ApsaraDB / PolarDB-for-PostgreSQL

A cloud-native database based on PostgreSQL developed by Alibaba Cloud.
https://apsaradb.github.io/PolarDB-for-PostgreSQL/zh/
Apache License 2.0
2.86k stars 457 forks source link

[Question] why vm buffer is not even read into memory in read only nodes not even once? #509

Closed srinathv2 closed 2 months ago

polardb-bot[bot] commented 3 months ago

Hi @srinathv2 ~ Thanks for opening this issue! 🎉

Please make sure you have provided enough information for subsequent discussion.

We will get back to you as soon as possible. ❤️

mrdrivingduck commented 2 months ago

@srinathv2 I guess what you are asking is why VM pages were not used during an IndexOnlyScan in replica node. In the current version, the primary can flush the newest version of VM pages to the disk. As a result, replica nodes might read "future" pages that they have not yet replayed, potentially leading to incorrect results for IndexOnlyScan based on VM pages. Therefore, IndexOnlyScan on replica nodes does not use VM bits and instead directly reads from the heap table for visibility checks. However, in the latest version, we have removed this limitation, and under certain conditions, replica nodes can also quickly access data based on VM pages.

srinathv2 commented 2 months ago

@mrdrivingduck afaik vm pages in replica are only used for index only scans,cause vacuum process wont run, if you are not using it then why you need the buffertagequals filters in redo apis ,cause anyway vm pages are not being called in memory.Please correct me if i am wrong.

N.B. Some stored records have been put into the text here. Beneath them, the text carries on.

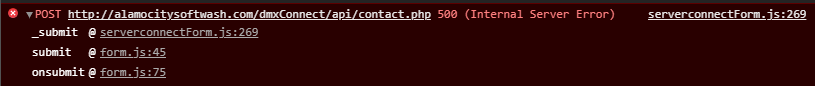 Having the darndest time trying to figure out why this simple form wont go thru. I had recaptcha as well, but have since taken that out and keep getting 500 Internal Server Error. I don’t believe I have done anything else different than in the past on setting up a simple form. Any help would be appreciated - thanks in advance.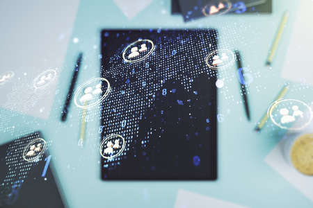 Double exposure of social network icons concept with world map and digital tablet on background, top view. Marketing and promotion concept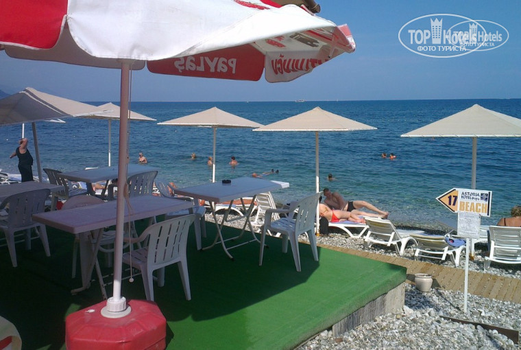 Пляж - идти 5 мин. тапочек не покупал, т.к. человек не маленький и ступня большая. Узковат конечно, там много таких пляжей "подпёртых" отелями 1-ой линии. Галька действительно крупная и глубина не постепенная, но единственная трудность на пляже без тапочек - это выходить при средних волнах, на таких камнях тебя "колбасит" и выходишь дольше :-) .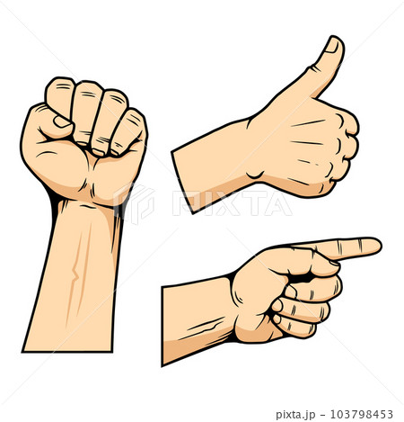 Set of illustrations of human hand with like sign, fist. Design element for emblem, sign, poster, card, banner, flyer. Vector illustration
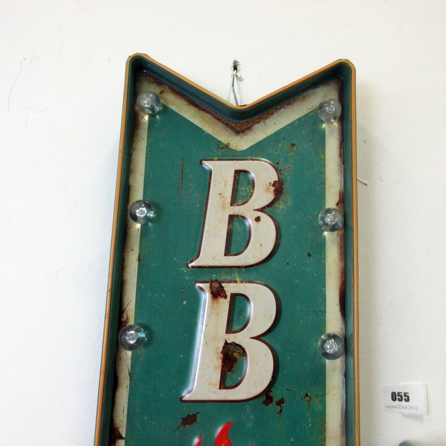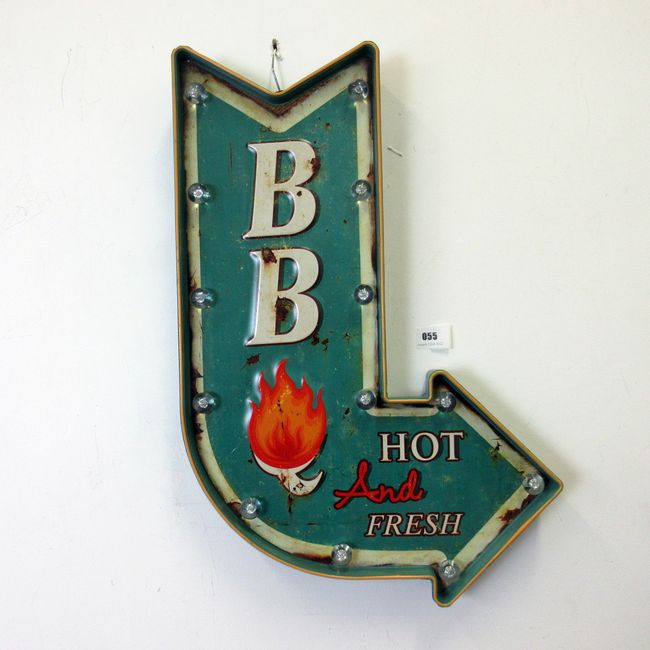 Current Bid: $15.75 [Refresh Price]YOU WILL NEED TO REFRESH THIS PAGE TO SEE UPDATED BID (Log in and this will update automatically) You must LOG IN or REGISTER to see this full page auction listing and bid. Auction is Over Winning Bid Amount: $15.75 **Lot Details: (55t) - Vintage metal "BBQ HOT and Fresh" working lightbulb Wall Sign, 23" high x 16" wide Log in to add this lot to your watch list or place a bid |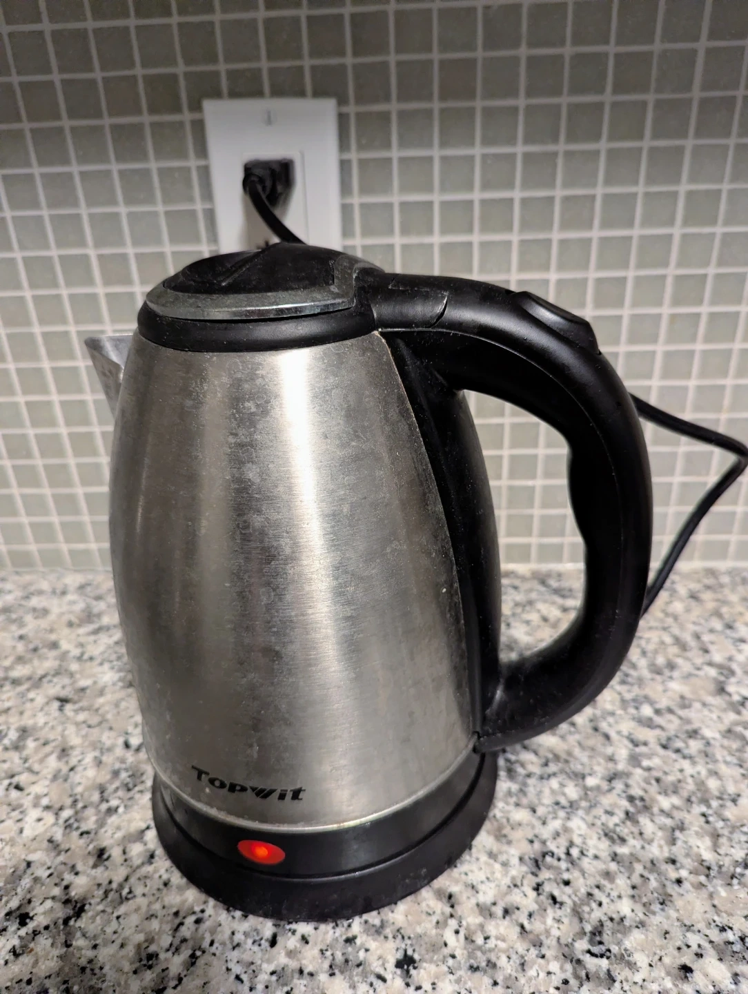 This TopWit electric kettle is made of stainless steel and has a black handle. It features a red indicator light when it's on. Simple and functional for quick boiling.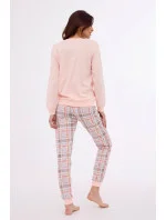 Dámské pyžamo z kvalitní měkké bavlny, tričko s dlouhým rukávem a barevným potiskem na přední straně, dlouhé kostkované kalhoty s výstřihem, manžetami a spodním lemem s pohodlnou šňůrkou v pase. Pyžamo je baleno v krabici.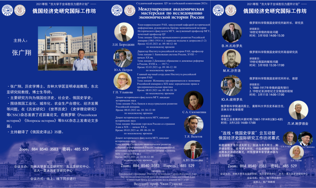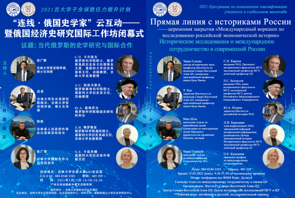 From March 2nd to 15th, 2021, the 2021 Jilin University Global Competency Enhancement Program: International Workshop on Russian Economic History Research was successfully held in Jilin University. The event was co-sponsored by the Northeast Asian Studies College of Jilin University, the Northeast Asian Research Center of Jilin University, and the Jilin University-Moscow State University History Research Center, and guided by the Office of Global Engagement of Jilin University, and was carried out online and offline at the same time. More than 10 top scholars in the field of Russian historiography, including experts and scholars from many fraternal universities and scientific research institutions in China, as well as academicians С.П. Karpov, Academician Л.С. Belousov, Academician Л.И. Borodkin, Professor Ю.А. Petrov and other top scholars from Moscow State University and the Russian Academy of Sciences, gathered on line to build quality universities together, bringing a wonderful historical feast to the students of Jilin University , and at the same time deeply discussed and looked forward to the results and development prospects of cooperation between China and Russia in the field of Russian history. The two-week series of international workshops culminated on March 15th .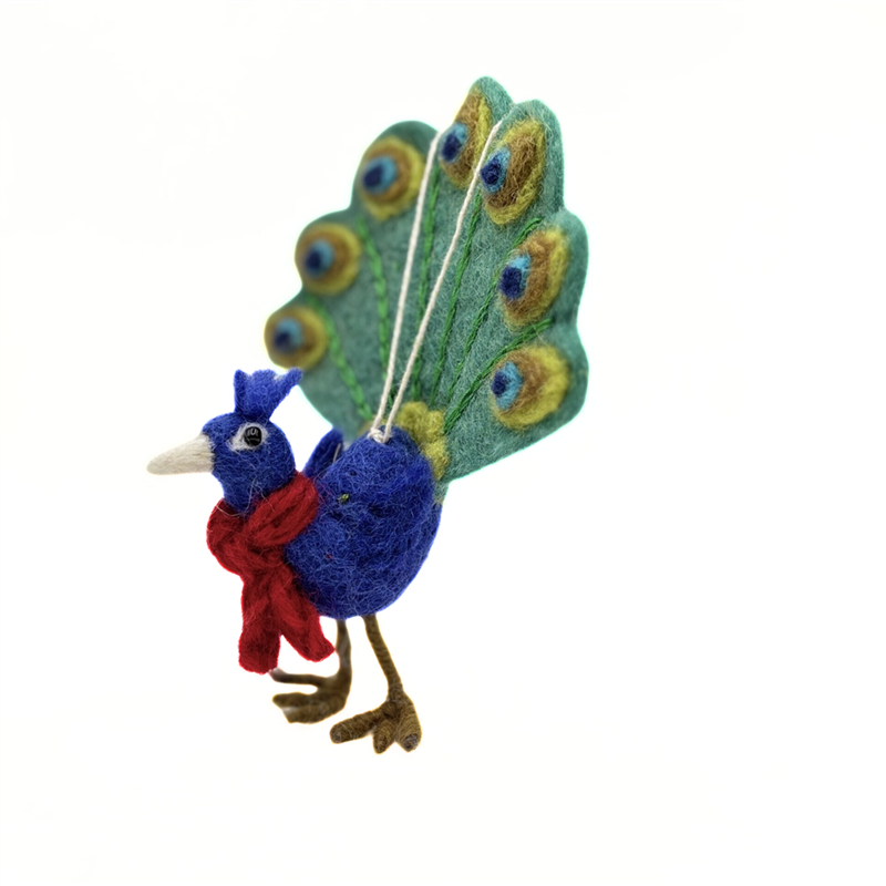 Ornamento in feltro a forma di pavone, decorato con una sciarpa colorata. Realizzato artigianalmente con materiali di alta qualità, questo ornamento è perfetto per aggiungere un tocco di eleganza e originalità alla tua decorazione. Ideale per essere appeso o esposto in vari ambienti della casa.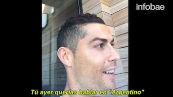 En una de las historias de Instagram el portugués cometió un error al intentar hablar "en argentino" y Cristiano Jr, el más grande de sus tres hijos, lo corrigió al instante.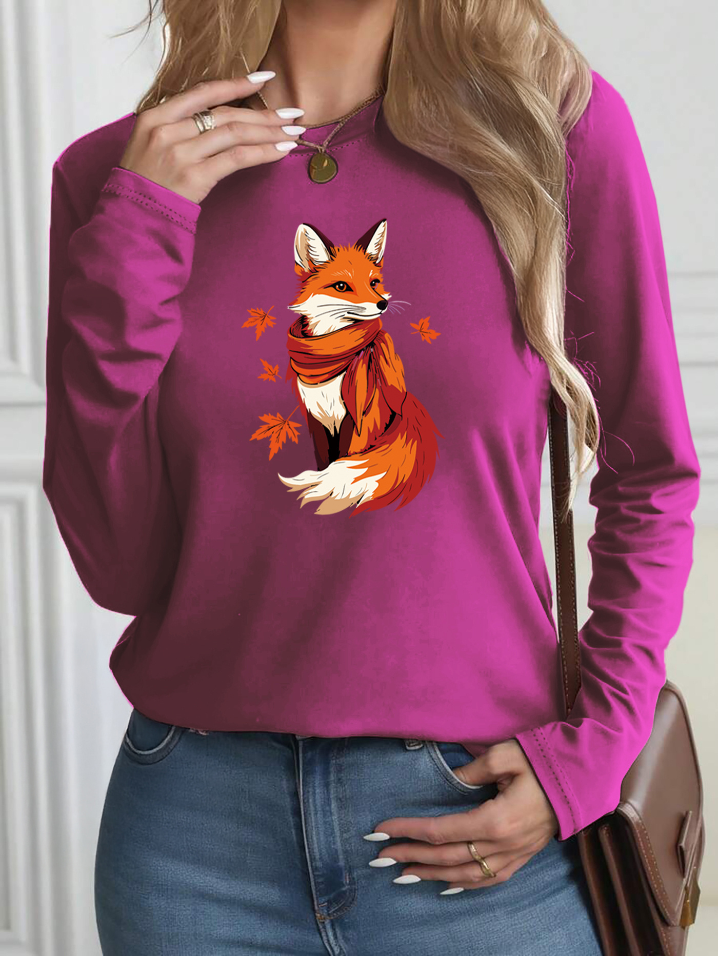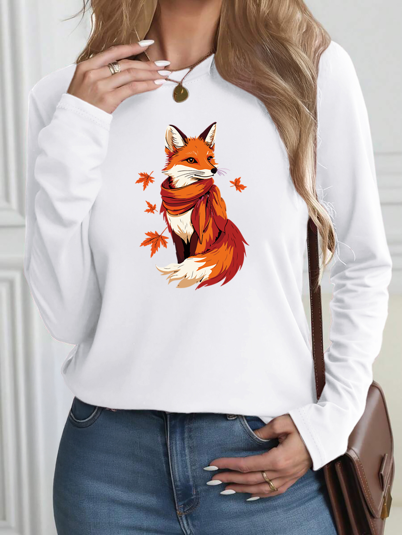 Women's Casual Long Sleeve T-Shirt with Fox & Maple Leaf Geometric Print - Vibrant Orange & Red on Grey, Round Neck, Machine Washable, Spring/Summer Vacation & Casual Attire, Versatile Streetwear, Spring Summer Apparel, Comfortable Fabric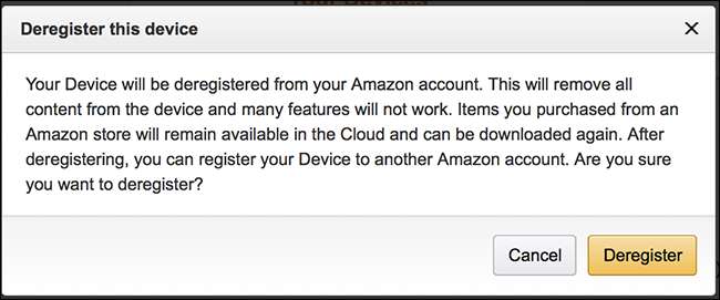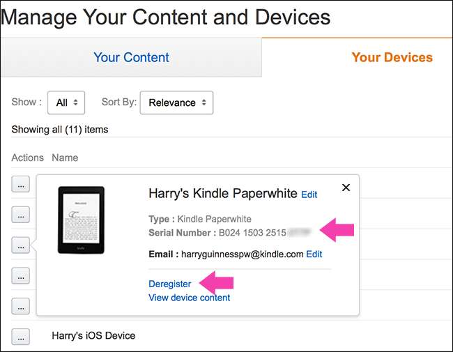 Haga clic en el botón Menú junto al Kindle que ha sido robado y anote el número de serie. Una vez que lo tenga escrito en algún lugar, seleccione Dar de baja.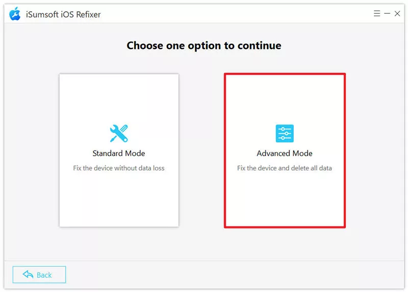 4. Vyberte Pokročilý režim (tato možnost hluboce opraví iOS a vymaže iPhone a obnoví jej do továrního nastavení.)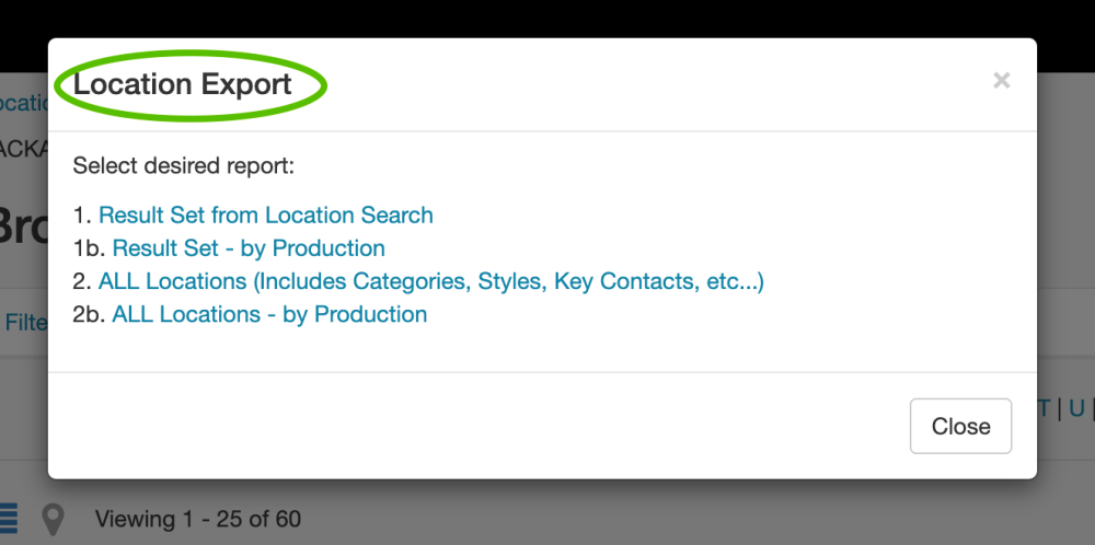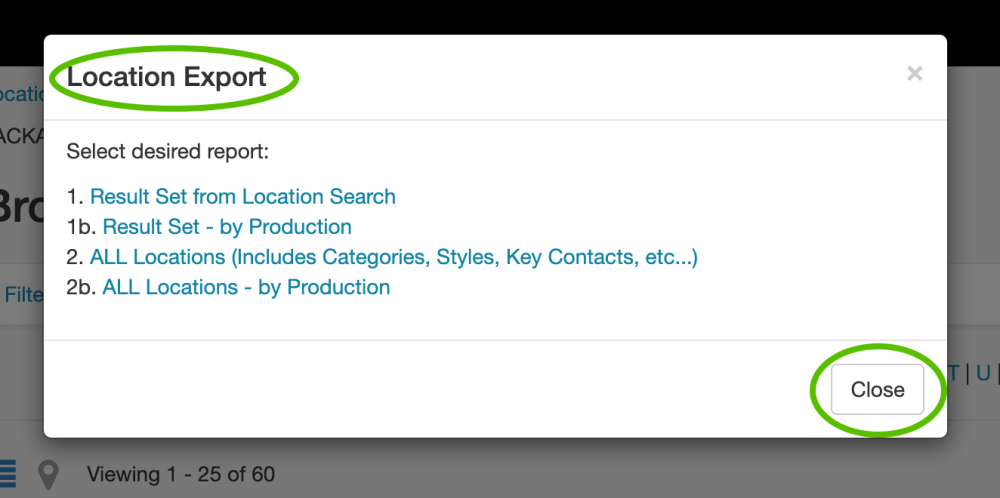 A dialog box will appear that will allow you to: (1) export result set from location search; (1b) export result set by production; (2) export all locations; or (2b) export all locations by production. Click on your desired selection to begin the download.

Ccxikka commented 2 months ago

@srinathv2 If a replica reads a VM page that is a "future" page,we will not use it to ensure correctness; however, if the page_lsn of the VM page read by the replica is less than its replay_lsn,then the replica can normally use the VM page because it isn't a future page. Moreover, a replica might be promoted to become the new primary, so it is necessary to replay the xlog of VM pages to maintain consistency of the replica's VM data with the primary.